I’ve been bullied all my life by my family. My brother beat me to a pulp every day and my mother took savage pleasure in stopping it by punishing me instead of him. She herself takes her temper out on me frequently. My sisters have now started picking on me online . . .

It can be tempting to blame the victims in these cases. Certainly, many of Amanda Todd’s tormentors continued to lash out at her for “weakness” even after her death. Almost like predatory animals, we tend to pounce on the fragile, blaming them for succumbing to their circumstances. It’s not only that the weak are easy prey, but seeing weakness in others can also make us feel uncomfortable. If there can be chinks in someone else’s armor, perhaps that means we are vulnerable to finding chinks in our own. This is not a conscious thought, of course. When spoken aloud it often comes out in terms such as, “I’ve had family issues, but I came through them fine. Why can’t that person?” Rather than seeing ourselves as fortunate that we had optimum circumstances to develop resilience, we see our resilience as something we’ve managed to work up on our own, and therefore everybody else can too if they’d just grab hold of their bootstraps with both hands. This is a misconception that all too easily gets in the way of our compassion for others whose circumstances are different.

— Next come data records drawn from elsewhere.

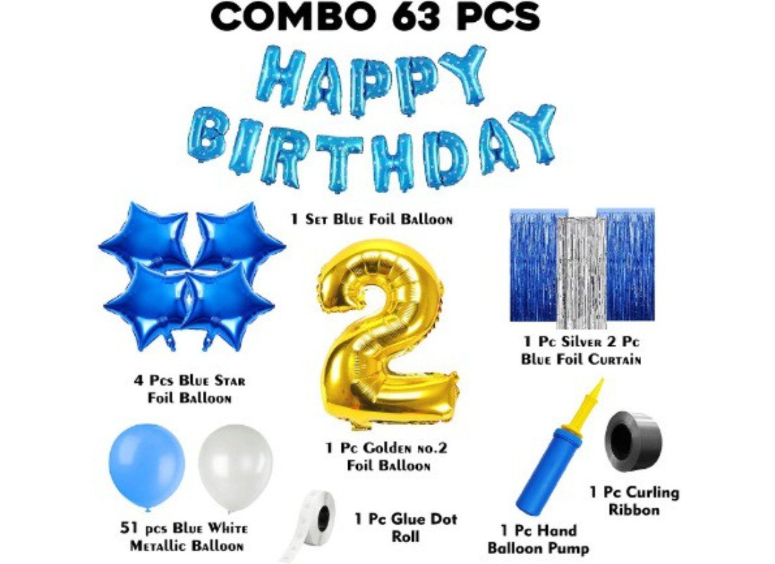• Package Contains: 1set blue alphabet happy birthday foil balloons, 1Pc number 2 golden foil balloon 16″, 4Pcs blue star foil baloons, 2Pcs blue foil curtain, 1Pc silver foil curtain, 51Pcs blue & white metallic balloons, 1Pc glue dot, 1 Pc hand balloon pump and 1Pc silver curling ribbon roll.
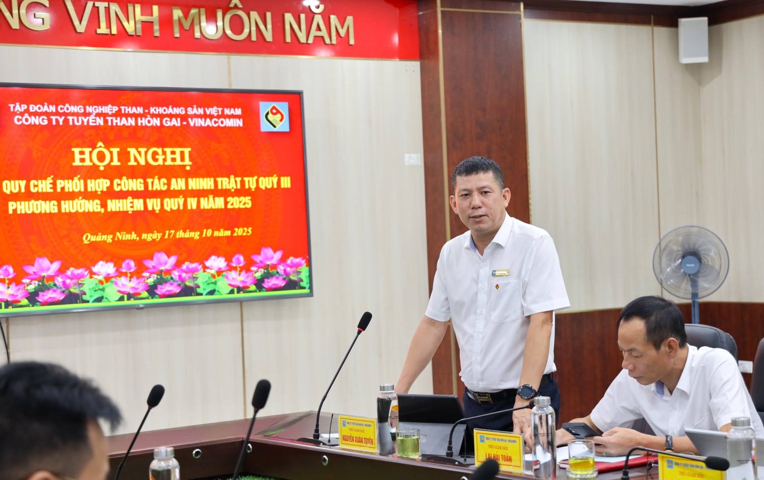 Chiều 17/10, tại trụ sở Văn phòng, Công ty Tuyển than Hòn Gai - Vinacomin tổ chức Hội nghị sơ kết Quy chế phối hợp công tác an ninh trật tự (ANTT) quý III và triển khai nhiệm vụ quý IV năm 2025. Đồng chí Nguyễn Xuân Tuyên - Phó Giám đốc phụ trách công tác an ninh trật tự của Công ty chủ trì hội nghị.
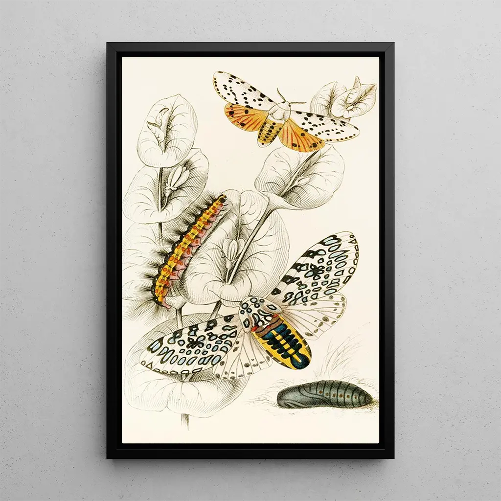 Die kunstdrucke von Spilosoma aerea Arctia oculatissima entführen uns in ein lebendiges Universum, in dem die Natur mit Kraft zum Ausdruck kommt. Dieses Gemälde, reich an Farben, hebt Nuancen von Gelb und Schwarz hervor, die die faszinierende Schönheit dieses Schmetterlings widerspiegeln. Die Technik des Künstlers, die Präzision und Zartheit verbindet, schafft eine Atmosphäre, die sowohl lebendig als auch kontemplativ ist. Die minutösen Details der Flügel, fast durchsichtig, fangen das Licht auf eine Weise ein, die das Werk zu vibrieren scheinen lässt. Jeder Pinselstrich erzählt eine Geschichte, die einer flüchtigen Kreatur, einem Symbol der Metamorphose und der vergänglichen Schönheit der Natur.
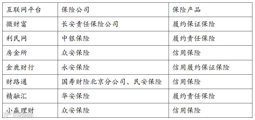 表1:部分向互联网平台提供保证保险或信用保险的保险公司
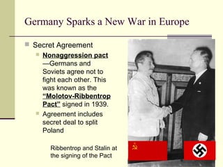 Germany invaded Poland in September 1939, starting World War 2 in Europe. Using their new blitzkrieg strategy of coordinated air and land attacks, Germany quickly conquered Poland, Denmark, Norway, the Netherlands, Belgium, Luxembourg, and France in 1940. Britain resisted a German invasion attempt. In North Africa, Italy invaded Egypt while Germany sent troops led by Rommel to aid Italy against the British. By April 1941, Germany had also conquered Yugoslavia and Greece to secure its southern flank before invading the Soviet Union. Though initially successful, the German invasion of the Soviet Union eventually stalled at Moscow and Leningrad. The US aided the Allies through the Lend-Lease program and the Atlantic Charter between Roosevelt and Churchill outlined democratic principles
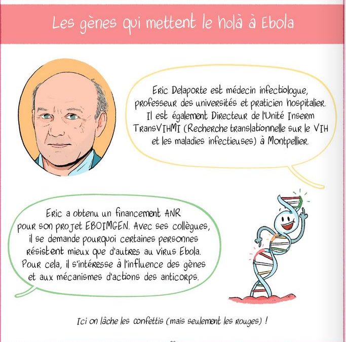 Le professeur Eric Delaporte a participé à ce projet de bande dessinée. Il y explique son projet EBOIMGEN Immunological and genetic determinants of the response to Ebola virus infection.
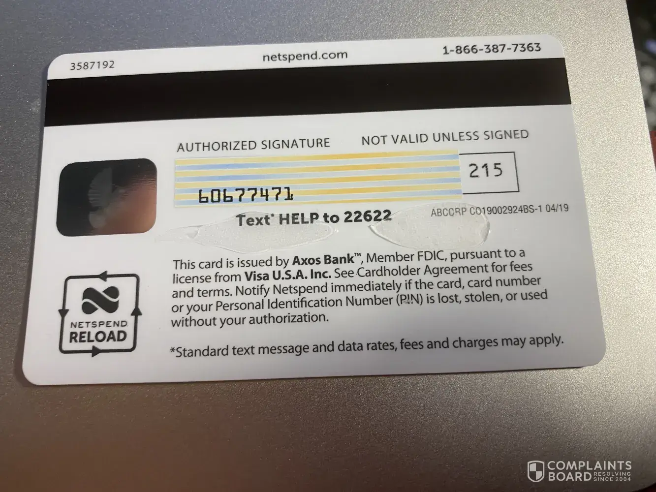 NETSPEND DEBIT VISA CARD [protected] three digit number 215
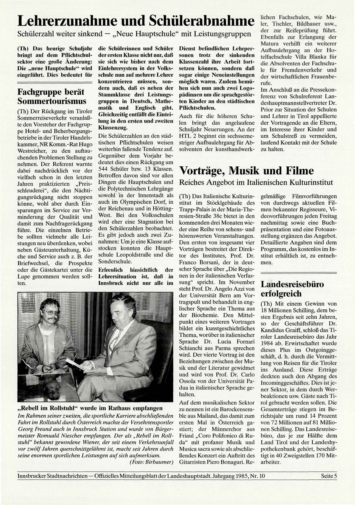 Innsbrucker Stadtnachrichten — Offizielles Mitteilungsblatt der Landeshauptstadt. Jahrgang 1985, Nr. 10
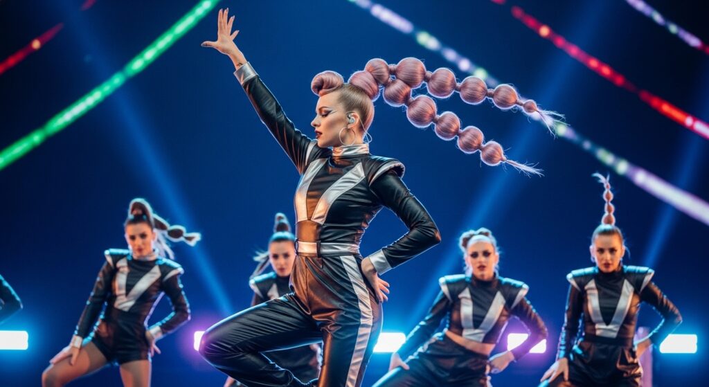 Futuristic and fun. This playful style involves tying elastics down the length of a ponytail and puffing out the sections between them to create “bubbles.” It’s a great look for pop, K-pop, or any high-energy, playful performance.

That said, resilience can be strengthened: The really good news is that we aren’t stuck forever with the vulnerabilities we carry with us out of childhood. Research is zeroing in on influences that can promote resilience and is finding that supportive relationships are key to this process. In other words, the weak need the strong to give them a compassionate hand up rather than kicking them off the ladder.

The anti-bullying programs that have been leveraged over National Bullying Prevention Month have gone far in raising awareness of bullying behaviors in schools. Amanda Todd’s tragic death this month has made us all keenly aware of the issue of bullying behaviors online. The way forward in both of these venues, it would seem, is to raise awareness of bullying behaviors where they first take root: Home, sweet home.